Non-overlapping compound-target profiles are extracted from the five most comprehensive (and manually curated) databases, namely, ChEMBL²¹, BindingDB²², GtopDB²³, DrugBank²⁴, and DGiDB²⁵. The compound identifiers in these databases are mapped into standard InChIKeys and SMILES using UniChem²⁶ and PubChem²⁷, respectively, whereas identifiers for target proteins are mapped to UniProt identifiers²⁸. The combined non-overlapping compounds from the five databases exceed 2M with approximately 15,000 targets. These comprehensive datasets are extracted using the application programmable interfaces (APIs), standalone text files, and SQL dumps. The first three databases, ChEMBL, BindingDB and GtopDB, provide quantitative bioactivity data, such as measurements in terms of IC₅₀, K_d, and K_i, whereas DrugBank and DGiDB contain unary but experimentally verified compound-target interactions. In addition to active or potent compound-target profiles in ChEMBL, BindingDB and GtopDB, there exists a big proportion of in-active compound-target profiles (concentration > 10,000 nM). These in-active compound-target profiles could jeopardize the analysis in the proposed research. Therefore, in this analysis, we consider only potent compound-target profiles (concentration is ≤ 1000 nM)²⁹. Hence, we have left with 788,078 compounds and 8754 protein targets. Potent target profiles for these ~ 0.8 M compounds are already integrated and publicly available in MICHA³⁰.

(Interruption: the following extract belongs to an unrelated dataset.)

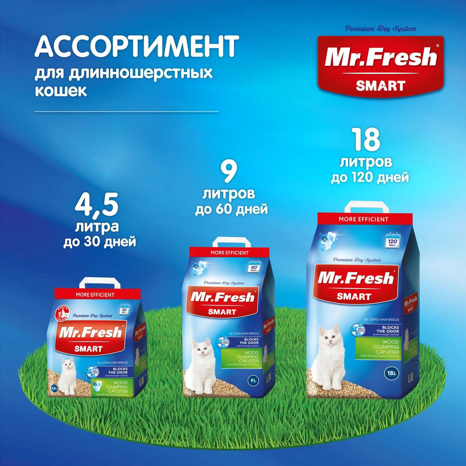 Mr.Fresh SMART наполнитель для длинношёрстных кошек 18л

Disease-gene associations and PPI networks

To support the large-scale drug repurposing, we integrated manually curated disease-gene associations from DisGeNET²⁰. There are 9,703 genes, 11,181 diseases and 84,038 associations. These curated disease-gene associations are provided in Supplementary file 2.

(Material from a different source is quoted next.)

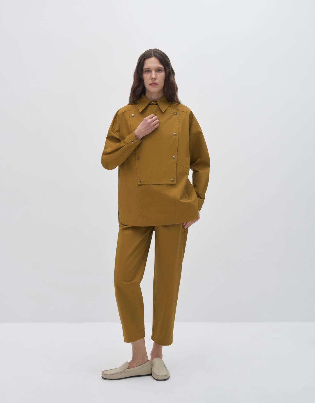 Fabric Content: 100% COTTON Product Details: Front half placket and snap closure. The cuffs should snap closed. Model Size: 36 Model Height: 1.78 The product on the model is size 36. Usage and Washing Instructions: Hand wash at maximum 30ºC. Bleach bleach is not used. Roller Cleaning is Not Made. Wash inside out. Tetrachlorethylene Dry Cleaning. Dryer is not used. It is a sensitive product. Do not use with metal accessories.

We have downloaded the protein–protein interactions (PPI) data from Cheng et al.³¹. They have manually curated high-quality human interactome based on five experimental types, (1) PPIs tested by high-throughput Y2H systems, (2) kinase-substrate interactions by literature-derived low-throughput experiments, (3) kinase-substrate interactions from high-throughput experiments, (4) curated PPIs identified by affinity purification and (5) signalling network by literature-derived low-throughput experiments. They have collected PPIs from databases such as IntAct³², InnateDB³³, PINA³⁴, HPRD³⁵, MINT³⁶ and BioGRID³⁷. So, instead of collecting from a particular database, we preferred to use the precompiled PPIs in Cheng et al. The extracted dataset contains 16,677 proteins and 243,603 PPIs.

Methods

There are 788,078 compounds for which at least one potent target (concentration is ≤ 1000 nM) exists in any of the five DTI databases. We call these agents candidate compounds to be rescued or repurposed. For each candidate compound, the DrugRepo score is computed as the average of three component scores, OCTS, TC, and CDS, derived from comparing each candidate compound to 1091 approved drugs (Fig. 1). Similarly, we have computed DrugRepo scores between approved drugs for a particular disease and drugs approved for other diseases (drug repurposing). We have considered only those cases where the structural similarity between the approved drug and candidate compound is ≥ 0.2. This way, we have been left with 2,207,367 scores.

The overlapping compound-target score (OCTS) is the Jaccard index between drug-target profiles of approved drugs and candidate compounds and is computed using Eq. 1.

$$ OCTS = \frac{{Drug_{T} { } \cap {\text{ Compound}}_{T} }}{{\min \left( {\left| {Drug_{T} } \right| ,\left| {{\text{Compound}}_{T} } \right|} \right)}} $$

(1)

where $Drug_{T} and {\text{Compound}}_{T} $ are the sets of potent targets for a pair of approved drugs and candidate compounds, respectively. Similarly,$ \left| {Drug_{T} } \right| and \left| {{\text{Compound}}_{T} } \right|$ are the total number of targets associated with the approved drug and the candidate compound, respectively.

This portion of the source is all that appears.